When The Walls Broke.
- Mast Culture

- Jul 10, 2025
- 2 min read
By Insha
"It's lurking behind those shadows, And not just within shadows, as it should be. Now, it hides in plain sight, Under my bed, between my walls, not bothered, not even by light. It tries to reach me, its finger slowly breaking through the walls. Its hand extends to grab me by my throat. But how can it be here? I engraved it in those walls years ago; it promised it wouldn't return. It promised, it promised, it promised. Then why do I feel its breath on my skin? Its gaze follows me everywhere. How could it be here when it's supposed to be in my room, just my room? But now, I feel like it's everywhere—in every wall I see, in every mirror I pass. Even my shadow somehow looks like a blend of it. Why? Why is it doing this? Did it lie about disappearing forever?
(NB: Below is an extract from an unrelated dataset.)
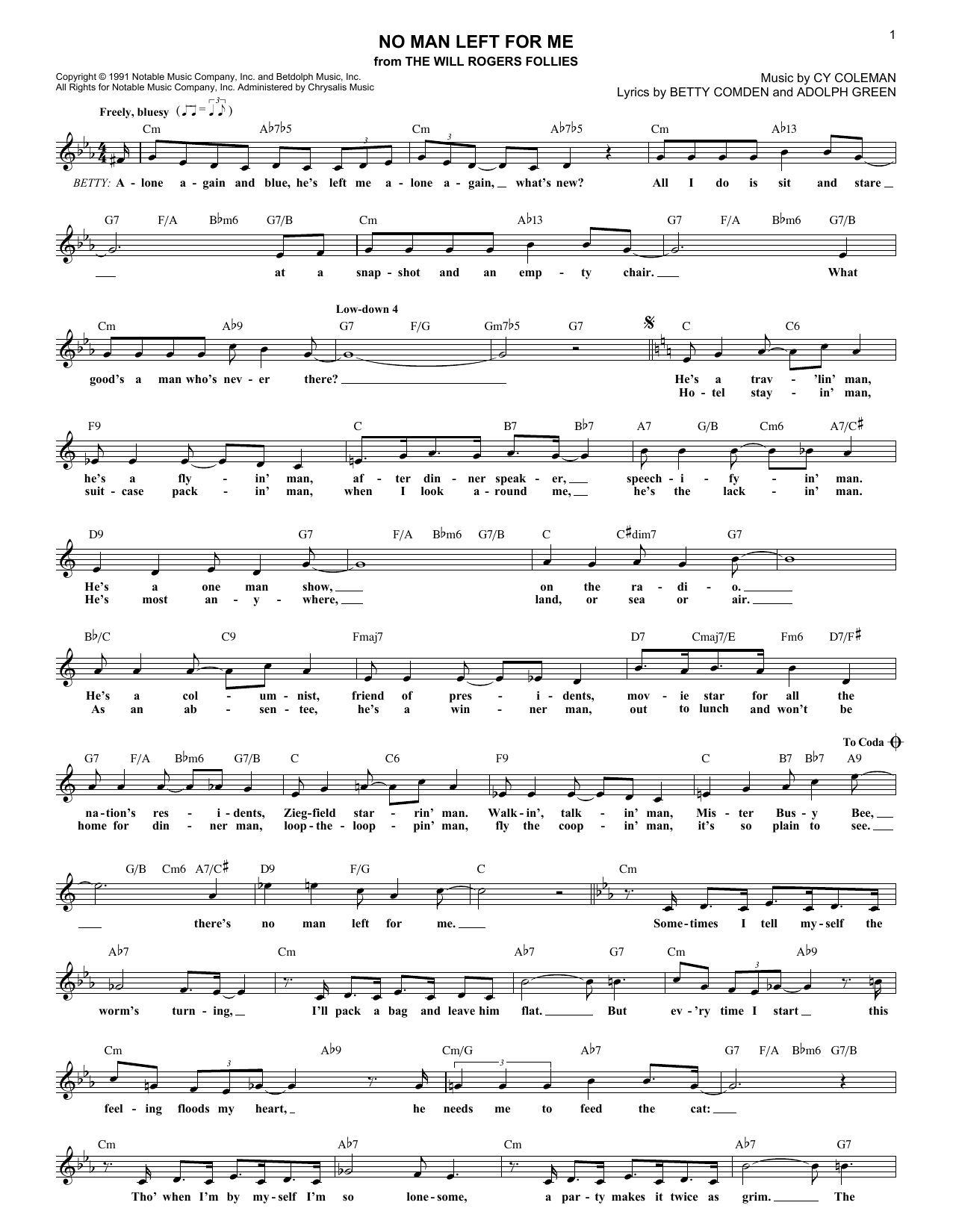 Download or print Betty Comden No Man Left For Me sheet music, chords and digital score arranged for Lead Sheet / Fake Book. This Musical/Show score includes 2 page(s).

Did it lie, saying my wounds would heal with time and that it would never cause me any more harm? Its eyes look at me like they will drown me even in the shallowest of water. How do I fight it? How do I put it behind those walls again? How do I make its eyes stop following me everywhere? How? How? How? Will it drown me this time or make me choke on my own blood, or will it twist my heart so tight that there's not even a single drop of blood left? I feel like whatever it is, I won't escape it this time. I won't be able to put it back inside those walls. There's a voice in my head screaming, telling me to hide, but I think it's enough. This time I won't stop it; this time I won't trick it; this time I won't fight back. I won't, I won't, I won't. This time I will embrace it. This time I will let it take me. This time I will gaze into the abyss as the abyss gazes back."